The US Government’s aid arm, USAid, estimates that more than 300,000 people could die in coming months. No one knows the full extent of the crisis because the Sudanese Government has restricted access to the area by humanitarian organisations and aid groups.
Aid workers first have to obtain a visa to Khartoum, the capital, then hang around for several days — perhaps weeks — to acquire a travel permit for Darfur. Once there, they have then to obtain a daily permit allowing them to leave one of the three regional centres and visit the countryside.
”Local authorities can ensure that takes up to half a day, and then we have to be back before the evening curfew. It’s really difficult to know what is going on deep in the bush,” one frustrated aid worker told The Times.
Kofi Annan, the UN Secretary-General, believed he had secured the Sudanese Government’s agreement to rein in the Janjawid when he visited Khartoum this month. Colin Powell, the US Secretary of State, who visited at the same time, returned to Washington threatening sanctions unless Sudan ended the bloodshed and eased bureaucratic restrictions on aid agencies.
Mr Powell said yesterday that the global community remained “completely dissatisfied” with the security situation in Darfur and he would contact the UN Secretary-General, Kofi Annan, on the prospect of global action. “The situation remains very, very serious. Not enough is being done to break the hold of the Janjawid,” he said. “Rapes are still occurring. People do not feel safe leaving the camps to go out and forage for food." But President Omar al-Bashir of Sudan demonstrated his well-known contempt for the “international community” by going fishing. The Janjawid, who many now believe are beyond the control of his Government, carried on killing and maiming.
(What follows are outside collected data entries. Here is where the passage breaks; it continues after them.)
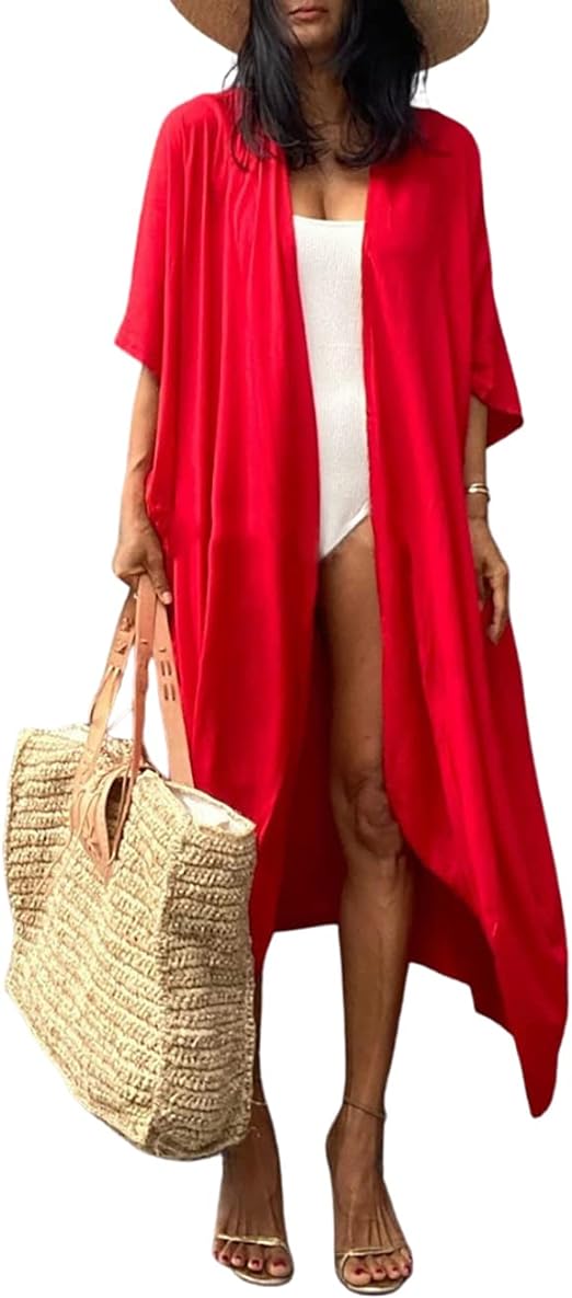 Bsubseach Women Solid Red Long Beach Swimsuit Cover Ups for Swimwear Sexy Bikini Beach Kimono Cardigan, Red, XXL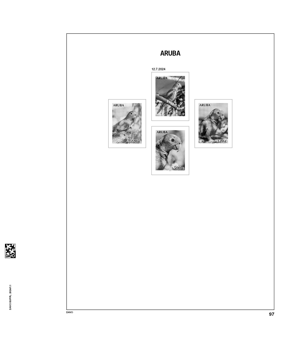 With a size of 275 x 310 mm and a 2 Holes perforation, these pre-printed sheets fit perfectly in the corresponding 2024 albums Each sheet is equipped with black border lines and image(s) in Black on sheets in the color White, e.g. stamps, miniature-sheets, stamp booklets, etc. that belong in this pre-printed album sheet. This gives you a clear overview of what you already have and what is still missing. This way, you can keep your collection organized and up to date, sorted by year or period.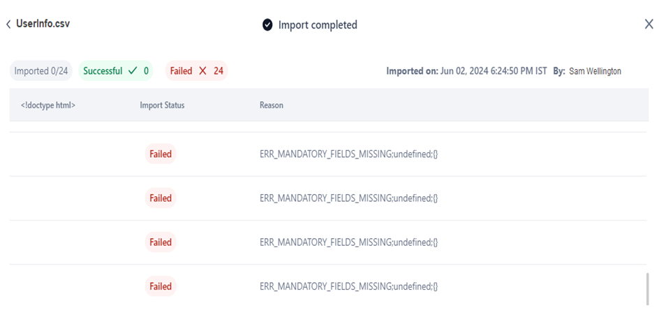 The system validates the file for errors. If the user data contains errors, a window is displayed showing the import status and the reason for the errors.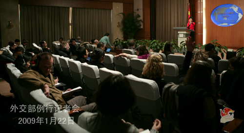 2009年1月22日,外交部發言人姜瑜舉行例行記者會,主要就中美、中法關系,中東局勢等答記者問。

“The situation there is truly horrifying. I have seen as many as seven people living together in so-called shelters no bigger than a bath tub,” said Kitty McKinsey, regional spokesman for the UN refugee agency, UNHCR. “The fact that people prefer conditions like that is eloquent testimony for what they are fleeing from,” she said.
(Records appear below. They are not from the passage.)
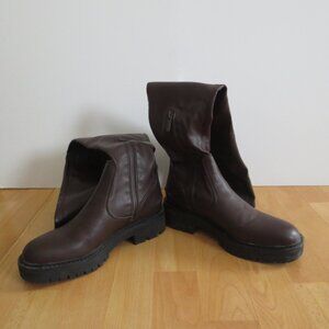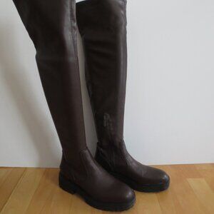 Franco Sarto Fera Brown Tall Pull On Over the Knee Brown Zip Lug Sole Boots 7
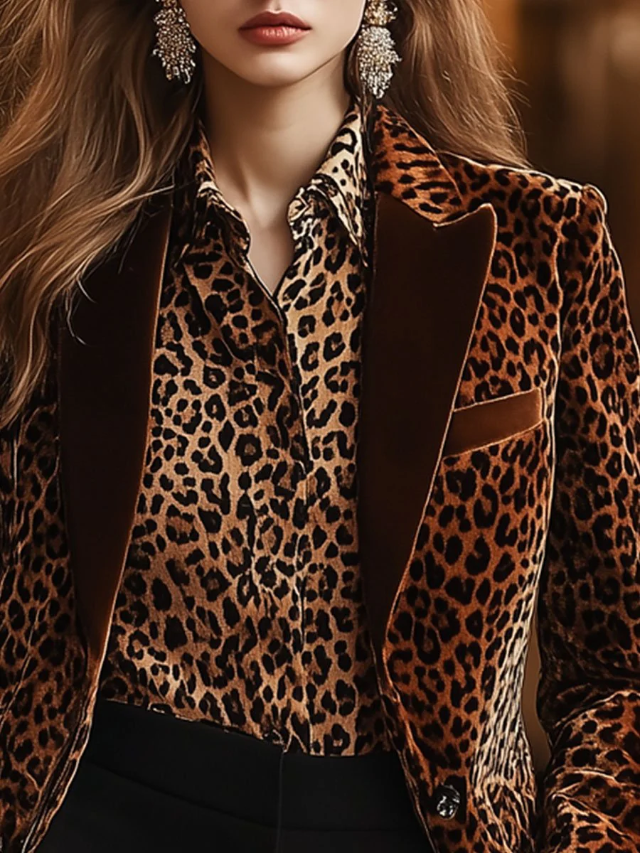 【24-hour shipping out】Casual Loose Retro Velvet Leopard Print Collar Blazer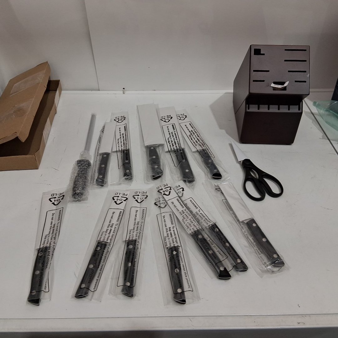 There is a small chip/scratch in the paint on the bottom corner of the knife block. (see photos)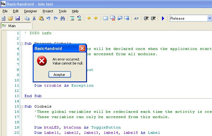 Before I realized the device b4a_bridge needed to be running before I started the IDE connection, I was getting the same error.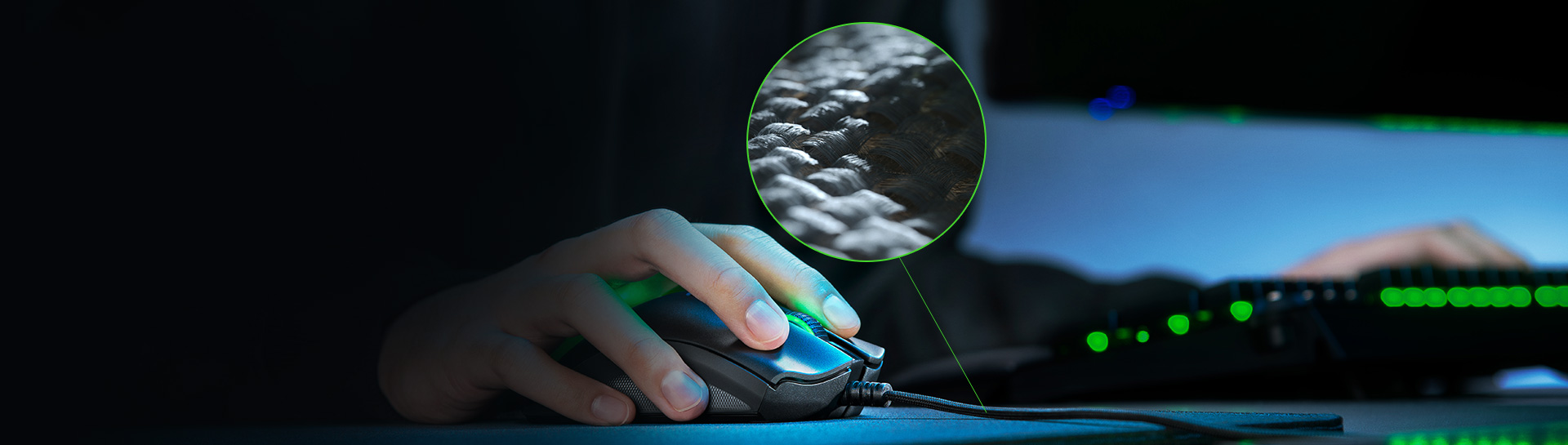 Kabel Razer DeathAdder V2 má větší flexibilitu a je navržen tak, aby produkoval minimální odpor, takže můžete provádět rychlejší a plynulejší švihnutí pro vyšší stupeň kontroly.
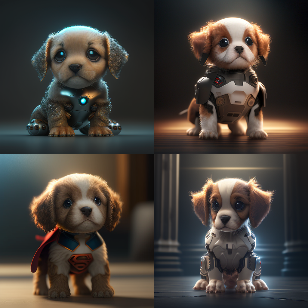 cute puppy, super hero, AI, part robot ,CGI,2D,highly resolution,elegant, happy,hyper realistic,8K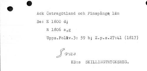 //// Ack Östragötland och Finspång^ län //// Se: E 1800 d; //// N 1806 a,g //// Upps.FoHv.3: 59 b; Z.p.s.27:41 (1817) //// & ' . * //// ! //// KB:s SKILLINGTRYCKSREG. ////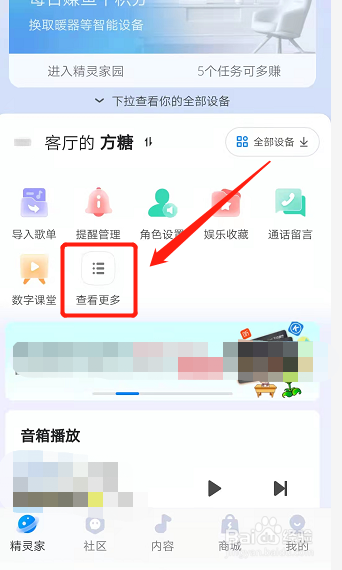 在天猫精灵的精灵家页面点击打开更多。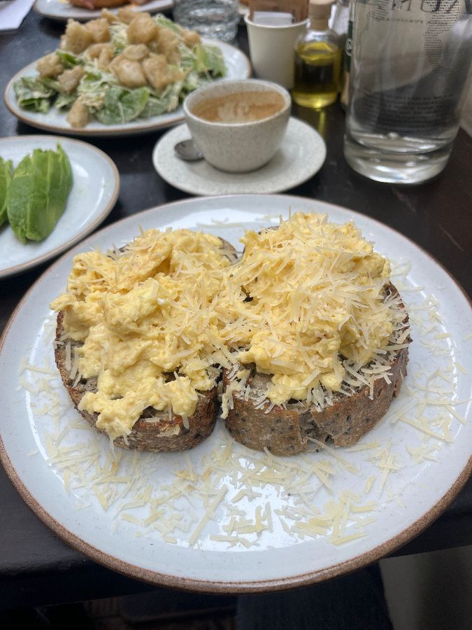 굿모닝 번과 카치오 페페 스크램블 에그: 든든하고 맛있는 아침 식사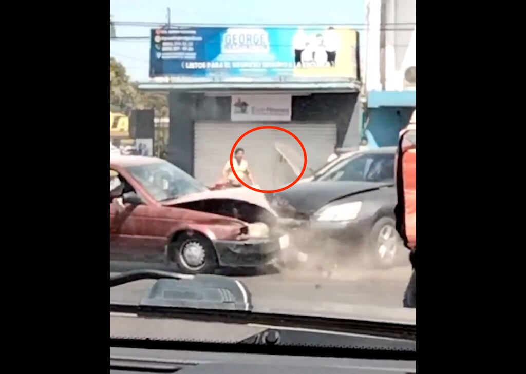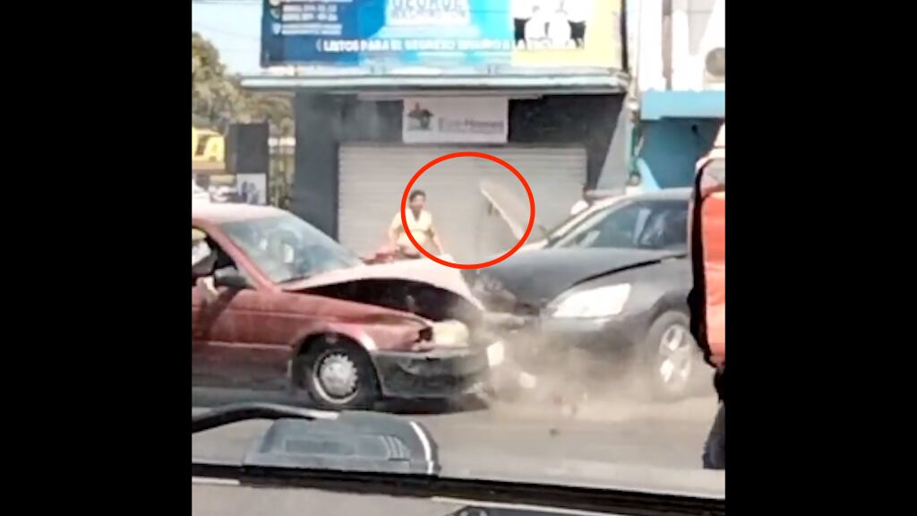 Luego del choque provocado por estar al pendiente del señor que estaba tratando de apagar el fuego de su auto, se observa que a la colisión llegan personas para brindar ayuda, ya que, en uno de los autos había menores de edad.

The Janjawid were unleashed on the local population last December. The African Muslims of Darfur felt emboldened by concessions that the Government was making to southern Christians to end Africa’s longest civil war and demanded greater rights and equality from the Arab Government in Khartoum.
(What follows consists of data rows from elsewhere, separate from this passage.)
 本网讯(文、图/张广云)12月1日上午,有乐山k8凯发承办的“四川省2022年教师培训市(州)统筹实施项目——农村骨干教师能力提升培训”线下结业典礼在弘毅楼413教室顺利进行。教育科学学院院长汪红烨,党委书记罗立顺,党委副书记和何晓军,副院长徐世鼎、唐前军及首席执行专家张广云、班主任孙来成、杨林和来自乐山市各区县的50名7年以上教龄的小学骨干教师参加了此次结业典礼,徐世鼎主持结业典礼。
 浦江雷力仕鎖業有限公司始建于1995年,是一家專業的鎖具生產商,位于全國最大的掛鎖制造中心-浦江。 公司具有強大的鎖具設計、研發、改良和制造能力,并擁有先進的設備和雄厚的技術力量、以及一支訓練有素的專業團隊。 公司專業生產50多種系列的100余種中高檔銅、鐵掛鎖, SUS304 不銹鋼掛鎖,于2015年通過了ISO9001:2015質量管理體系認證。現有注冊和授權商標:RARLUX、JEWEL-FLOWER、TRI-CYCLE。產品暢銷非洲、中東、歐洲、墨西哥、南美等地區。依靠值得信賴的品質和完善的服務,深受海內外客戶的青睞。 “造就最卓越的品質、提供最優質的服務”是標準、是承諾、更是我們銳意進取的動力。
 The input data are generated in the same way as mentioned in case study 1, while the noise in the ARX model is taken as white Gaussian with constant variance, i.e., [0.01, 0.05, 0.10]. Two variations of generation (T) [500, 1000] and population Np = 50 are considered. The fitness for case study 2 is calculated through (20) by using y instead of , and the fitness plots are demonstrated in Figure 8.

Despite sharing the same faith, the Arabs had for years treated the blacks with contempt. The brutal National Islamic Front regime, which took power in a 1989 coup, was prepared to make concessions to the southerners because it needed peace to open up Sudan’s vast estimated oil wealth.
The Government was also desperate to lose its pariah status and appease the Christian Right in the US, which had lobbied the Bush Administration to keep it on the list of terror states. However, Khartoum also feared rebellion could spread to others in the north, such as the Christians of the Nuba mountains.
The Government was determined to forestall any moves which might lessen its control.Initially, Khartoum dismissed the conflict as banditry and the age-old rivalry between African farmers and Arab nomads who encroach on their land. But behind that legacy was the Government’s determination that Arabisation rather than Islamisation be the central tenet of their rule.
The Sudanese Air Force was employed to support the Janjawid, whose ranks quickly swelled. The Government equipped them with German G3 assault rifles, supported their raids with barrel bombs rolled out of Antonov aircraft and gave them free rein.